► 1 ACL2
 ▼ 1.4 Functions and Macros
 1.4.1 Booleans 1.4.2 Symbols 1.4.3 Strings 1.4.4 Characters 1.4.5 Rational and Complex Arithmetic 1.4.6 Bitwise Operations 1.4.7 Ordinal Arithmetic 1.4.8 Lists 1.4.9 Association Lists 1.4.10 Sets 1.4.11 Trees 1.4.12 Sequences 1.4.13 IO
##### 1.4.4Characters

 procedure(alpha-char-p x) → t x : (characterp x)
Determines whether x is an alphabetic character.

Examples:

 > (alpha-char-p #\a) 't > (alpha-char-p #\3) '()

 procedure(char str n) → t str : (stringp str) n : (and (integerp n) (>= n 0) (< n (length str)))
Extracts the character at the nth (0-based) position in the string str.

Examples:

 > (char "hello" 0) #\h > (char "hello" 4) #\o

 procedure(char< x y) → t x : (characterp x) y : (characterp y)
Determines whether the character code of x is less than that of y.

Examples:

 > (char< #\a #\b) 't > (char< #\b #\a) '() > (char< #\b #\b) '() > (char< #\A #\a) 't

 procedure(char<= x y) → t x : (characterp x) y : (characterp y)
Determines whether the character code of x is less than or equal to that of y.

Examples:

 > (char<= #\a #\b) 't > (char<= #\b #\a) '() > (char<= #\b #\b) 't > (char<= #\A #\a) 't

 procedure(char> x y) → t x : (characterp x) y : (characterp y)
Determines whether the character code of x is greater than that of y.

Examples:

 > (char> #\a #\b) '() > (char> #\b #\a) 't > (char> #\b #\b) '() > (char> #\A #\a) '()
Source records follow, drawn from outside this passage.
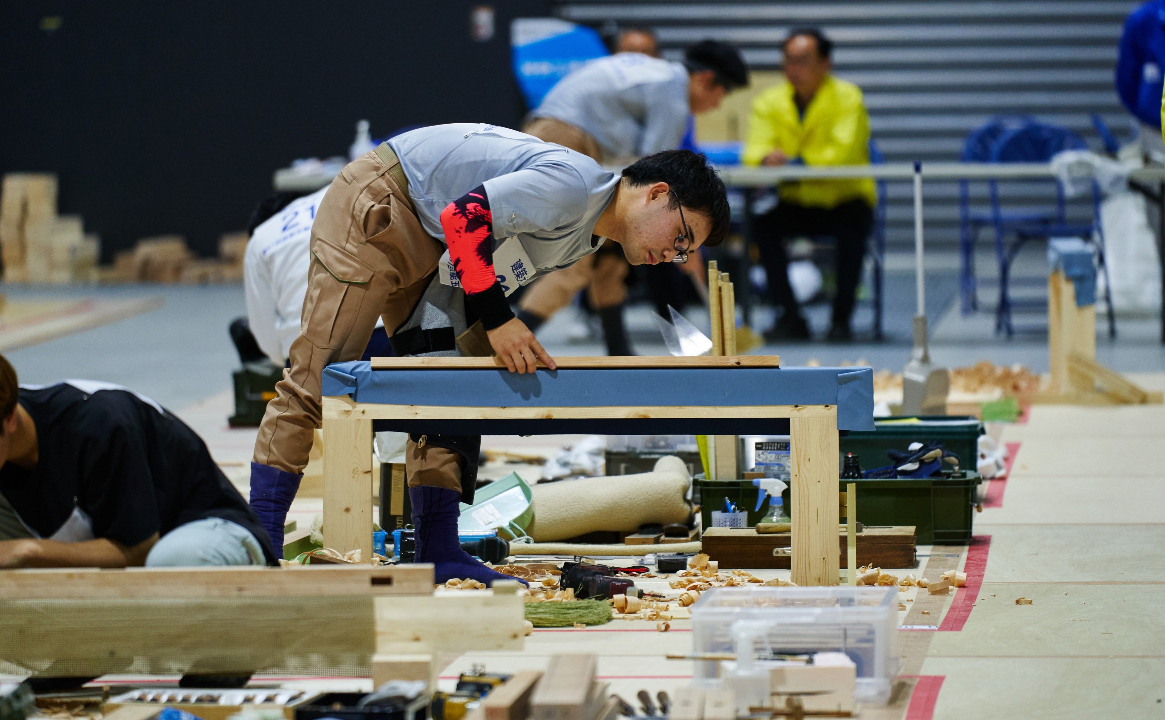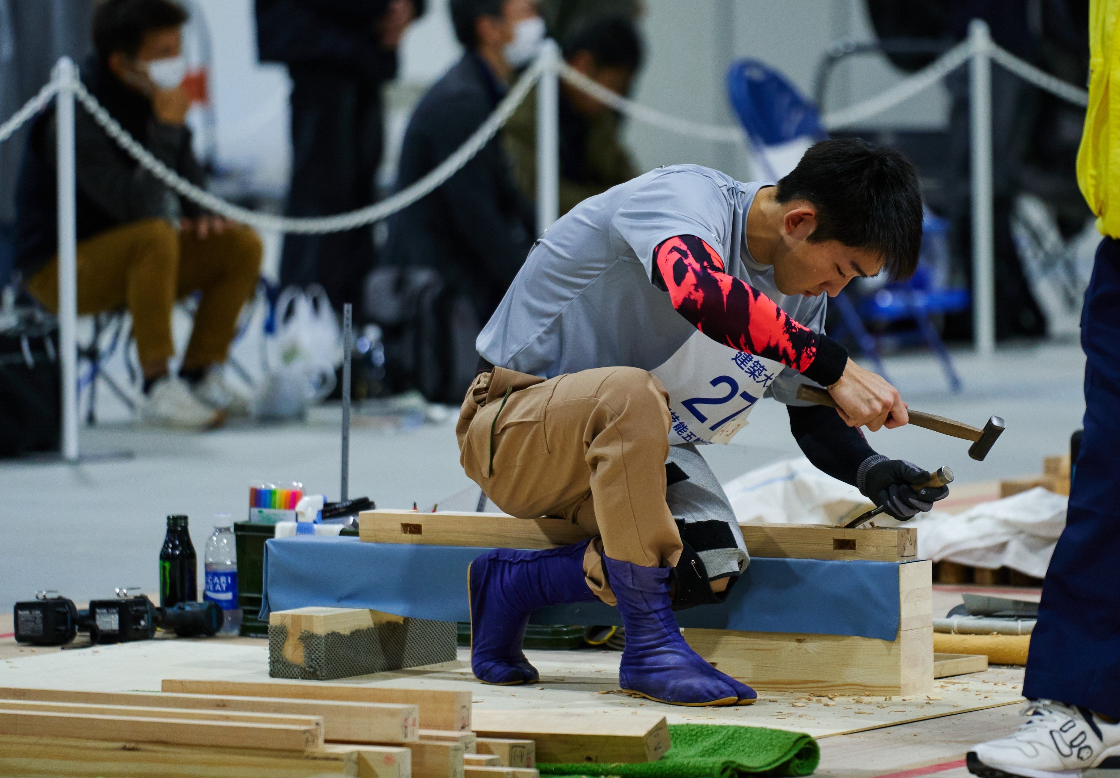 出場した各選手は専門校で大工や左官としての必要な訓練を修了した技能職社員の中から選抜され、競技に向けて練習を重ね大会に臨みました。
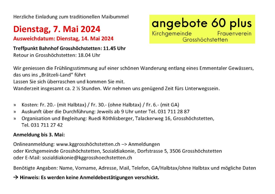 Maibummel - angebote 60 plus
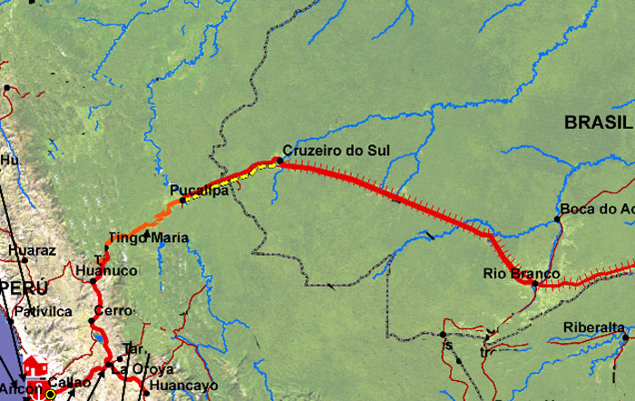 Brasil ya trabaja para mejorar la logística de los productos de la zona Centro-Oeste de país, preparando la licitación de la construcción y concesión de los distintos tramos que integran la línea Brasil-Perú, desde Porto Velho a los puertos del Pacífico, pasando por Rio Branco y Cruzeiro do Sul antes de entrar en territorio peruano (Ver noticia).
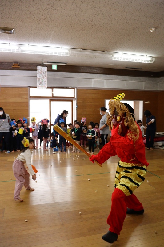 鬼たちは、「保育所に悪い子がいる」との噂を聞きつけ、保育所内で暴れ回りましたが、園児たちに豆をぶつけられると降参しました。
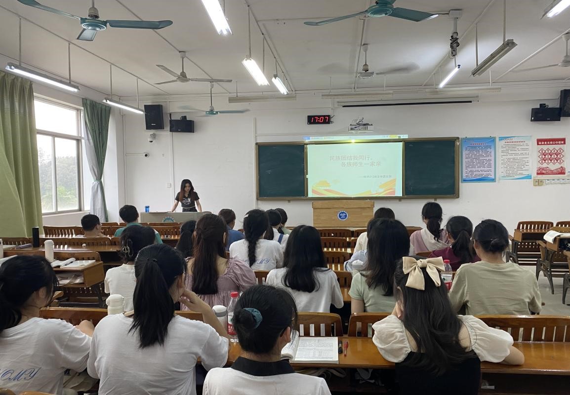 经济学2021级(2)班团支部全体成员于2023年4月12日在博学楼3201教室进行四月份团日活动主题一一“民族团结我同行,各族师生一家亲”,主持人为团支书苏月艳。
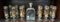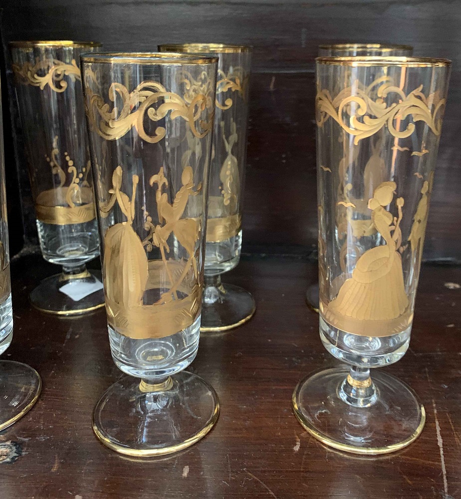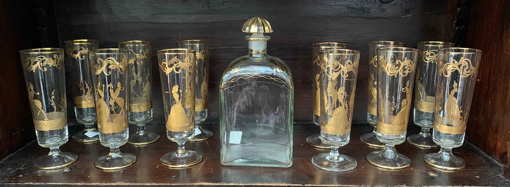 Lotto composto da dodici bicchieri in vetro trasparente decorato a dorature a scene galanti ed una bottiglia con tappo in vetro profilata in oro (difetti)
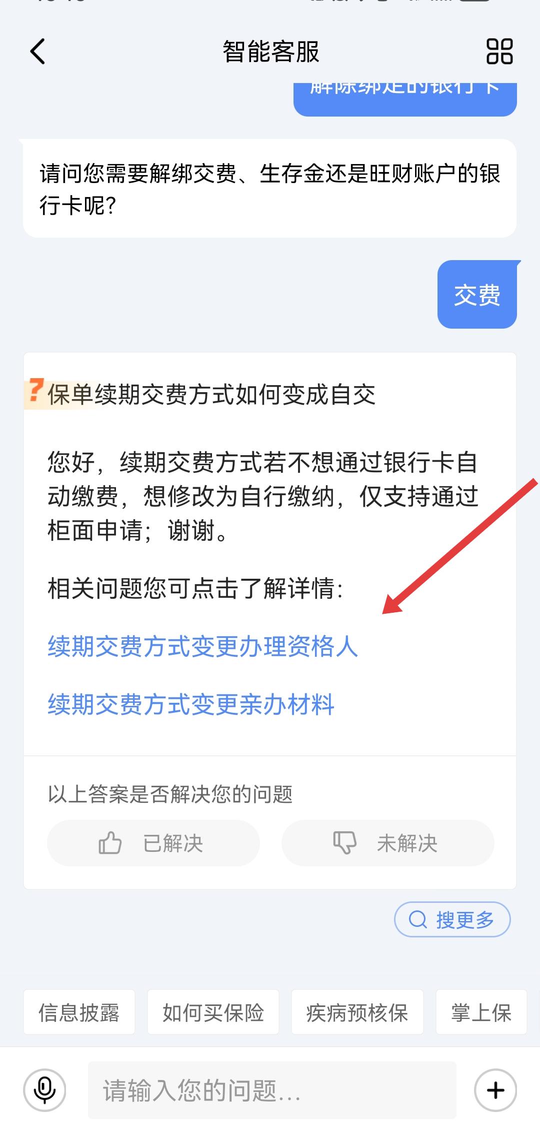 3、若选择交费类银行卡,需要按客服指引确认保单续期交费方式变更如改为自交需柜面申请。
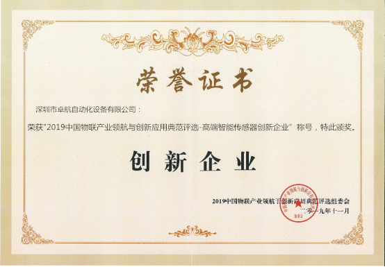 优秀的创新产品往往离不开背后同样优秀的企业,在产品获得殊荣的同时,企业自然也不例外。本届高交会期间,卓航精密斩获“2019中国五连产业领航与创新应用典范评选——高端智能传感器创新企业”称号。
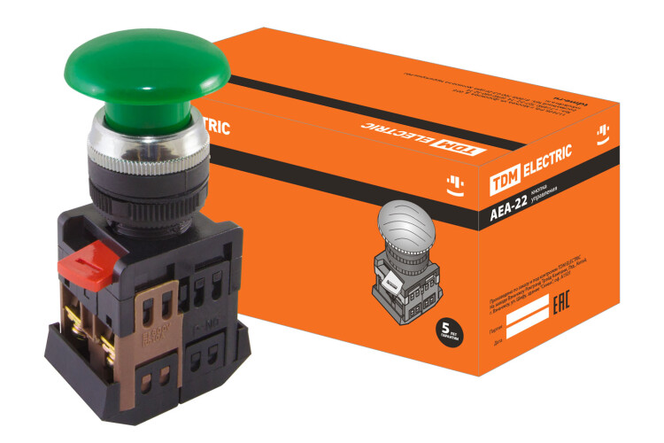 Кнопка AEА-22 "Грибок" зеленый d22мм 1з+1р TDM

 procedure(char>= x y) → t x : (characterp x) y : (characterp y)
Determines whether the character code of x is greater than or equal to that of y.

Examples:

 > (char>= #\a #\b) '() > (char>= #\b #\a) 't > (char>= #\b #\b) 't > (char>= #\A #\a) '()

 procedure(char-code char) → t char : (characterp char)
Returns the numeric code for the given character.

Examples:

 > (char-code #\a) 97 > (char-code #\Z) 90

 procedure(char-downcase char) → t char : (and (characterp char) (standard-char-p str))
Converts the given character to lowercase

Examples:

 > (char-downcase #\A) #\a > (char-downcase #\a) #\a

 procedure(char-equal x y) → t x : (and (characterp x) (standard-char-p x)) y : (and (characterp y) (standard-char-p y))
Checks if the given characters are equal, ignoring to case.

Examples:

 > (char-equal #\a #\a) 't > (char-equal #\A #\a) 't

 procedure(char-upcase char) → t char : (and (characterp char) (standard-char-p str))
Converts the given character to uppercase

Examples:

 > (char-upcase #\A) #\A > (char-upcase #\a) #\A

 procedure(characterp x) → t x : t

Examples:

 > (characterp #\a) 't > (characterp "a") '()

 procedure(code-char x) → t x : (and (integerp x) (>= x 0) (< x 256))
Converts the given number into its character equivalent.

Examples:

 > (code-char 0) #\nul > (code-char 97) #\a > (code-char 255) #\ÿ > (code-char 1000) #\Ϩ

 procedure(digit-char-p x) → t x : (characterp x)
Determines whether the given character represents a numerical digit.

Examples:

 > (digit-char-p #\3) 3 > (digit-char-p #\a) '()

 procedure(digit-to-char n) → t n : (and (integerp n) (<= 0 n) (>= 15 n))
Converts the given number into its equivalent character in hex notation.

Examples:

 > (digit-to-char 7) #\7 > (digit-to-char 10) #\A > (digit-to-char 15) #\F

 procedure(lower-case-p x) → t x : (and (characterp x) (standard-char-p x))
Determines if x is a lowercase alphabetic character.

Examples:

 > (lower-case-p #\a) 't > (lower-case-p #\A) '()

 procedure(standard-char-p x) → t x : (characterp x)
Checks if the given character is a member of the *standard-chars*. This includes the standard punctuation and alphanumeric characters, along with #\newline and #\space.

Examples:

 > (standard-char-p #\a) 't > (standard-char-p #\5) 't > (standard-char-p #\tab) '()

 procedure(upper-case-p x) → t x : (and (characterp x) (standard-char-p x))
Determines if x is an upper-case alphabetic character.